WHAT IS BEING ASKED:
An exact copy of every entry is needed, without the pictures.

Extracted records:
**********

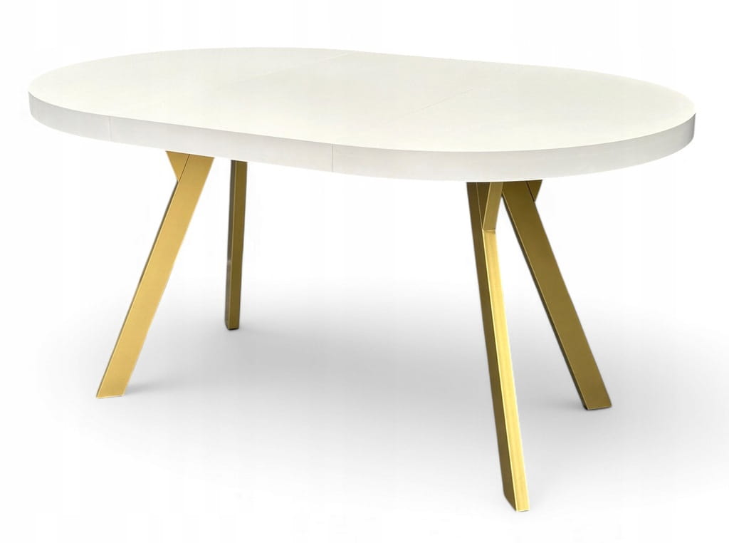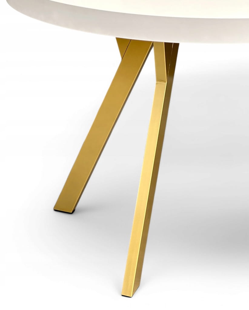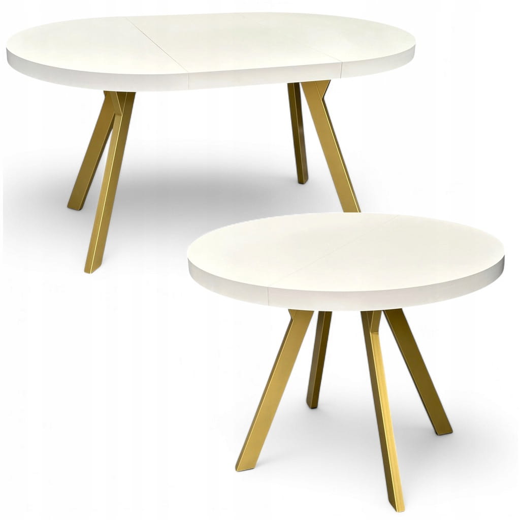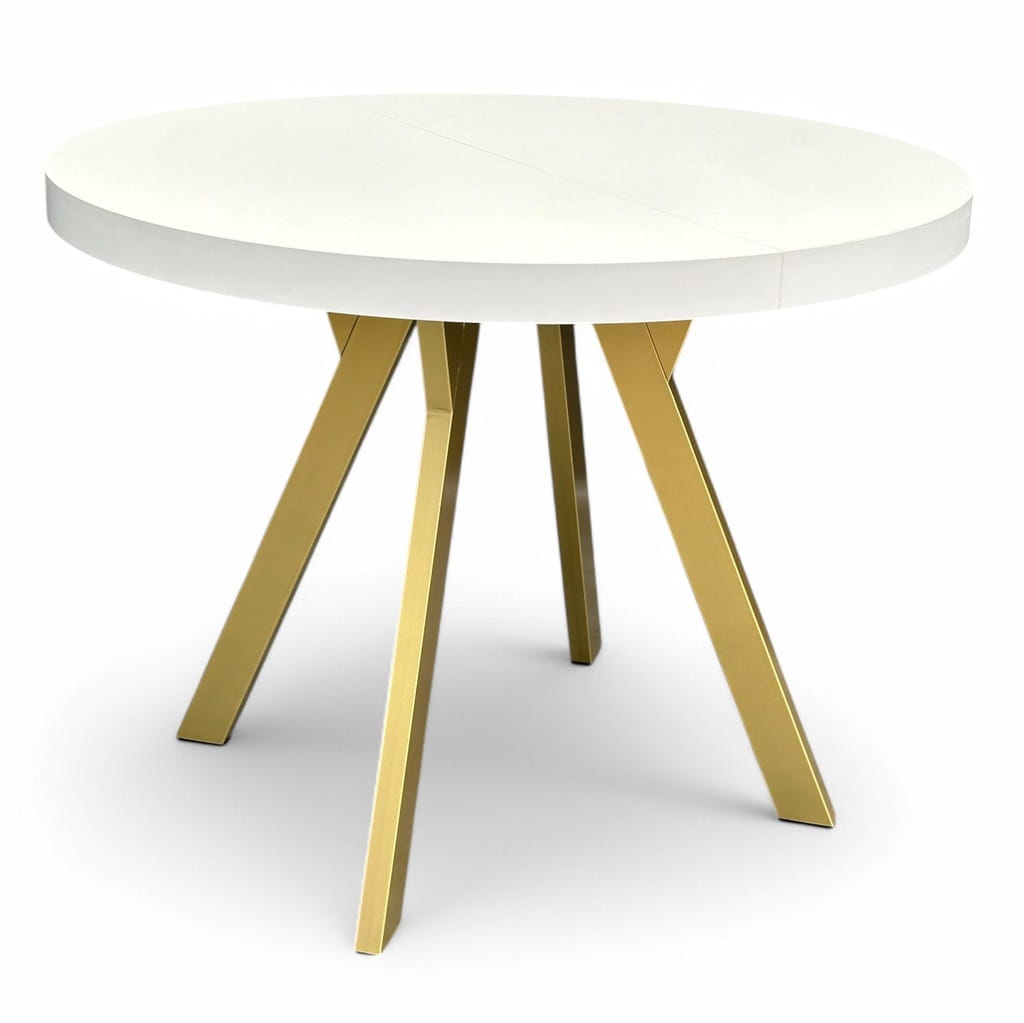 Stół okrągły BIAŁY PÓŁMAT Ø110 rozkładany do 210 cm + Złote Nogi Metalowe Y
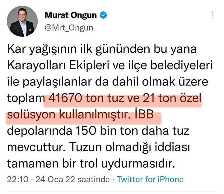 Uzmanlar tarafından günler öncesinden yapılan uyarılara rağmen megakent İstanbul kara önlemsiz yakalandı. Kentin birçok bölgesinde trafik dururken, binlerce vatandaş yollarda mahsur kaldı. Bazı vatandaşların araçlarını terk edip yürüyerek evlerine ulaşmaya çalışırken, İstanbul’u kara teslim eden İBB’nin sözcüsü karda mağdur olan vatandaşların sıcak evlerinde oturduğunu iddia etti ve onları trollükle suçladı. Ongun’un yaptığı paylaşımda ise 2017 yılına kıyasla yapılan çalışmaların yetersizliği dikkat çekti. Vatandaşlardan Ongun'un paylaşımına tepki yağdı.
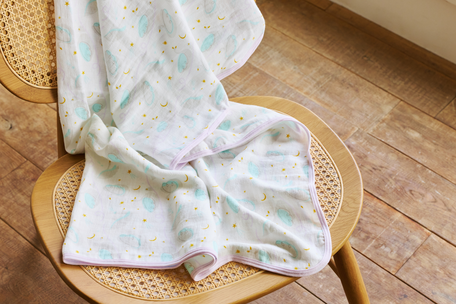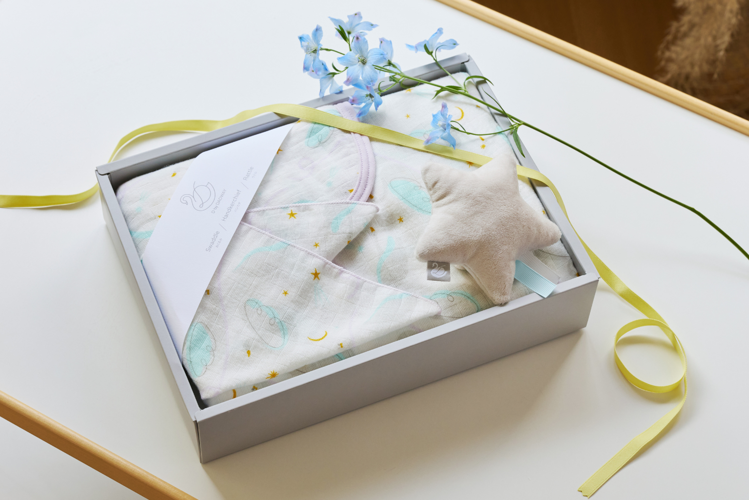 新登場の“スワンレイク”は、おめかしした白鳥の親子を描いた優雅な雰囲気のテキスタイル。ラベンダーカラーの縁取りがデザイン、そして赤ちゃんの愛らしさを一層引き立てます。家族みんなに穏やかな時間が流れますようにという願いから誕生したアイテムは、心温まる出産ギフトとして喜ばれることでしょう。
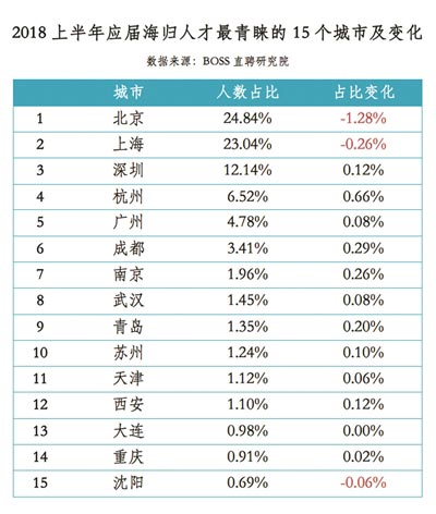 数据显示,2018年上半年,选择在北上广深求职的应届海归(毕业时间为2018年)比例较2017年同期下降1.3%,而选择二线城市的应届海归占比则上升1.2个百分点至28.3%。
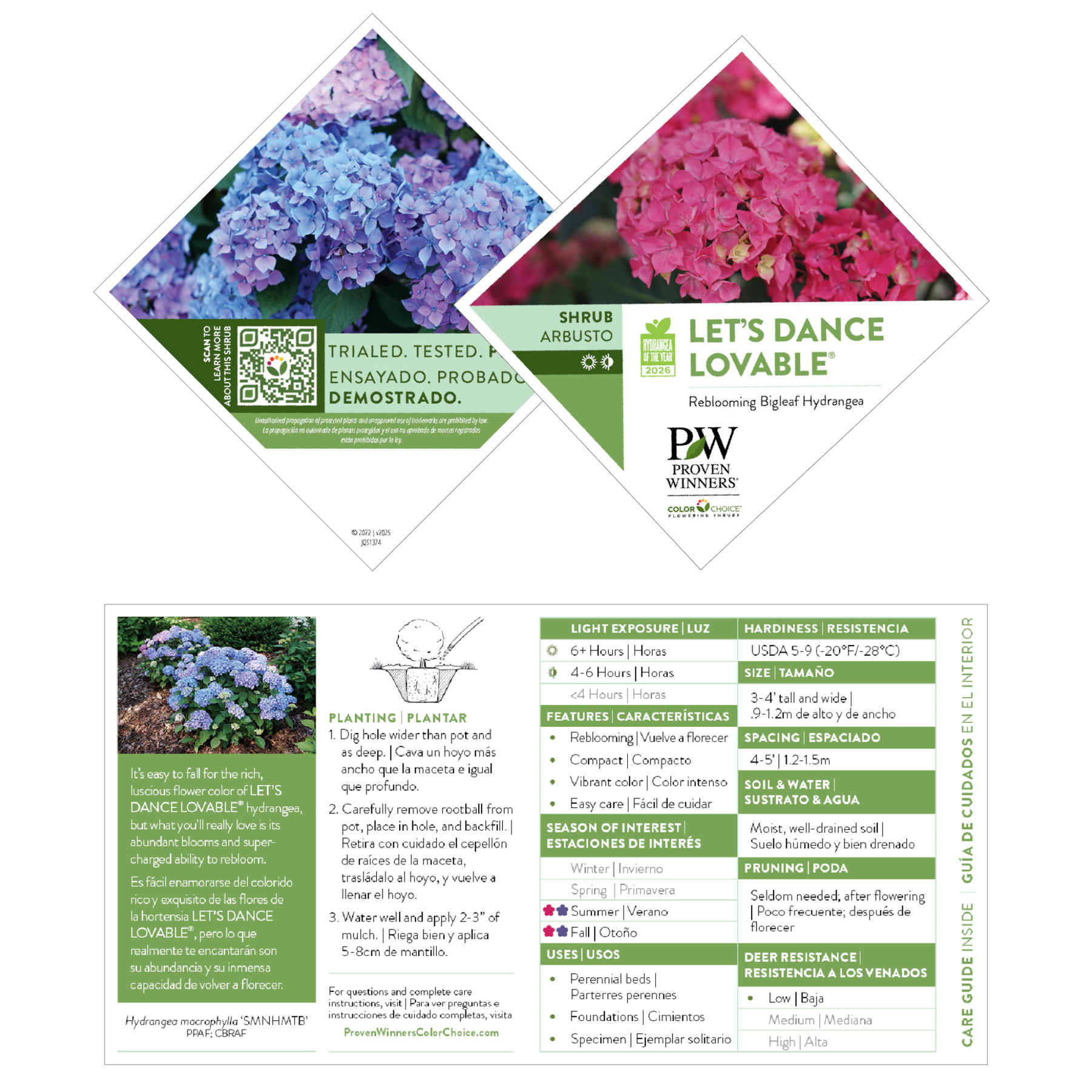 The Let's Dance Lovable® Bigleaf Hydrangea is so stunning and colorful that any photo of it looks edited! Like many Let's Dance hydrangeas, it's a larger mid-sized shrub that naturally mounds extremely well. It has warm green foliage, on top of which it shows off its true colors, and during the fall turns a vibrant red. Every bloom looks like its own flavor of cotton candy, with flowers of baby blue, soft pink, and lavender mixing together to create a truly dreamy shrub that's ready to perform.
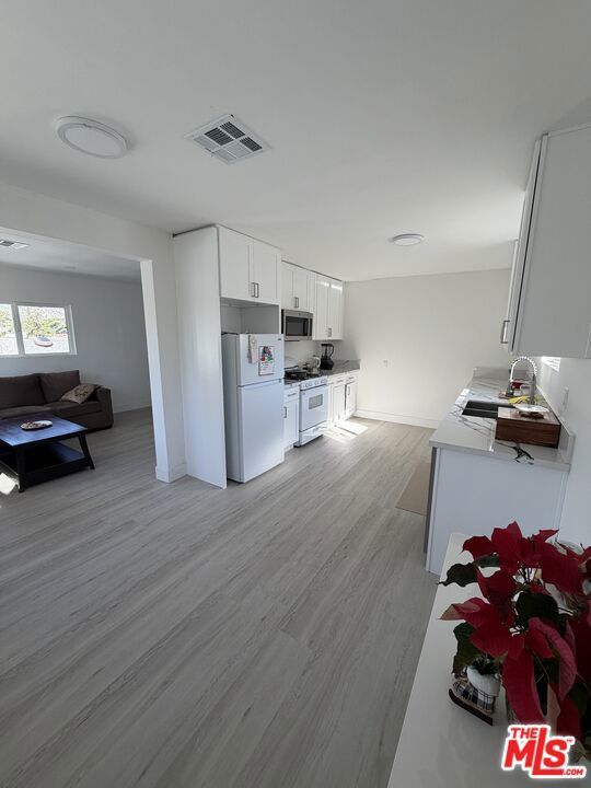 Remodeled 2nd floor unit of a duplex located in a quiet and safe residential neighborhood in Sunland. This 2-bedroom and 1-bathroom residence features a spacious kitchen, bright interior with plenty of natural light, and the convenience of an in-unit washer and dryer. Includes a bonus room/den created during the remodel, which is ideal for a home office or flex space. The unit offers a private entrance and access to a shared front yard and patio. Please note there is an additional occupied unit (ADU) on the property. Ample street parking is available. Rent includes water and sewer. Tenant is responsible for electricity, gas, and trash.
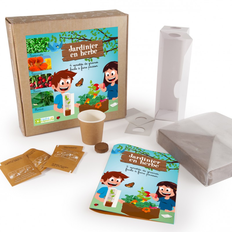 Vous souhaitez intéresser votre enfant aux joies du jardinage. Voici un coffret complet pour commencer tout en s'amusant, sans en mettre partout.
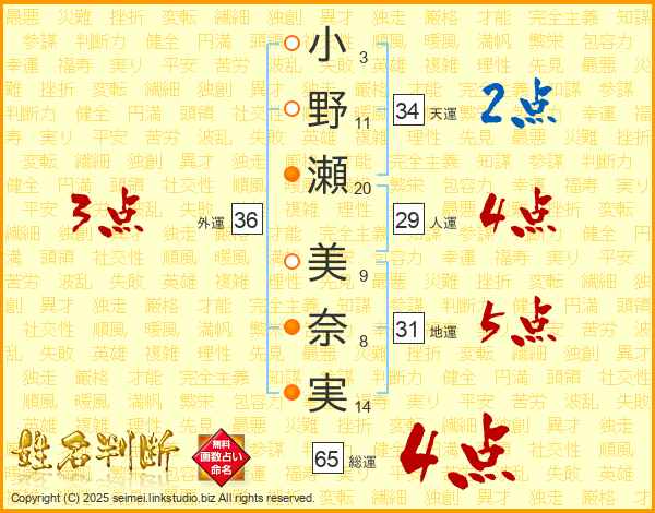 小(3画)野(11画)瀬(20画) 美(9画)奈(8画)実(14画)
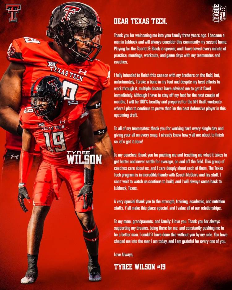 “There are two reputable NFL scouting groups who said if he duplicates what he did last year and adds to it, he could be projected as a mid-first round selection (in the NFL Draft).” Texas Tech HC Joey McGuire
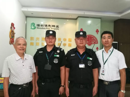▲業(yè)主代表王忠雄與物業(yè)工作人員羅玉均(左二)、張康偉(左三)、楊俊明(左四)合影。
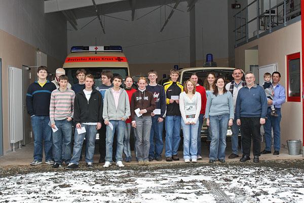 Wehrführer Hermann Josef Recktenwald war extra zum Abschluss des 8 Doppelstunden umfassenden Erste-Hilfe-Kurses ins DRK-Heim in Eppelborn gekommen, um den Teilnehmern persönlich zum erfolgreichen Lehrgangsabschluss zu gratulieren. "Es ist der erste Lehrgang in Eurer Feuerwehrlaufbahn und von ganz besonderer Bedeutung für Eure Feuerwehrarbeit", so der Wehrführer zu den Jugendlichen.

**********

ANSWER SECTION:
 Stół okrągły BIAŁY PÓŁMAT Ø110 rozkładany do 210 cm + Złote Nogi Metalowe Y
 Uzmanlar tarafından günler öncesinden yapılan uyarılara rağmen megakent İstanbul kara önlemsiz yakalandı. Kentin birçok bölgesinde trafik dururken, binlerce vatandaş yollarda mahsur kaldı. Bazı vatandaşların araçlarını terk edip yürüyerek evlerine ulaşmaya çalışırken, İstanbul’u kara teslim eden İBB’nin sözcüsü karda mağdur olan vatandaşların sıcak evlerinde oturduğunu iddia etti ve onları trollükle suçladı. Ongun’un yaptığı paylaşımda ise 2017 yılına kıyasla yapılan çalışmaların yetersizliği dikkat çekti. Vatandaşlardan Ongun'un paylaşımına tepki yağdı.
 新登場の“スワンレイク”は、おめかしした白鳥の親子を描いた優雅な雰囲気のテキスタイル。ラベンダーカラーの縁取りがデザイン、そして赤ちゃんの愛らしさを一層引き立てます。家族みんなに穏やかな時間が流れますようにという願いから誕生したアイテムは、心温まる出産ギフトとして喜ばれることでしょう。
 数据显示,2018年上半年,选择在北上广深求职的应届海归(毕业时间为2018年)比例较2017年同期下降1.3%,而选择二线城市的应届海归占比则上升1.2个百分点至28.3%。
 The Let's Dance Lovable® Bigleaf Hydrangea is so stunning and colorful that any photo of it looks edited! Like many Let's Dance hydrangeas, it's a larger mid-sized shrub that naturally mounds extremely well. It has warm green foliage, on top of which it shows off its true colors, and during the fall turns a vibrant red. Every bloom looks like its own flavor of cotton candy, with flowers of baby blue, soft pink, and lavender mixing together to create a truly dreamy shrub that's ready to perform.
 Remodeled 2nd floor unit of a duplex located in a quiet and safe residential neighborhood in Sunland. This 2-bedroom and 1-bathroom residence features a spacious kitchen, bright interior with plenty of natural light, and the convenience of an in-unit washer and dryer. Includes a bonus room/den created during the remodel, which is ideal for a home office or flex space. The unit offers a private entrance and access to a shared front yard and patio. Please note there is an additional occupied unit (ADU) on the property. Ample street parking is available. Rent includes water and sewer. Tenant is responsible for electricity, gas, and trash.
 Vous souhaitez intéresser votre enfant aux joies du jardinage. Voici un coffret complet pour commencer tout en s'amusant, sans en mettre partout.
 小(3画)野(11画)瀬(20画) 美(9画)奈(8画)実(14画)
 “There are two reputable NFL scouting groups who said if he duplicates what he did last year and adds to it, he could be projected as a mid-first round selection (in the NFL Draft).” Texas Tech HC Joey McGuire
▲業(yè)主代表王忠雄與物業(yè)工作人員羅玉均(左二)、張康偉(左三)、楊俊明(左四)合影。
 Wehrführer Hermann Josef Recktenwald war extra zum Abschluss des 8 Doppelstunden umfassenden Erste-Hilfe-Kurses ins DRK-Heim in Eppelborn gekommen, um den Teilnehmern persönlich zum erfolgreichen Lehrgangsabschluss zu gratulieren. "Es ist der erste Lehrgang in Eurer Feuerwehrlaufbahn und von ganz besonderer Bedeutung für Eure Feuerwehrarbeit", so der Wehrführer zu den Jugendlichen.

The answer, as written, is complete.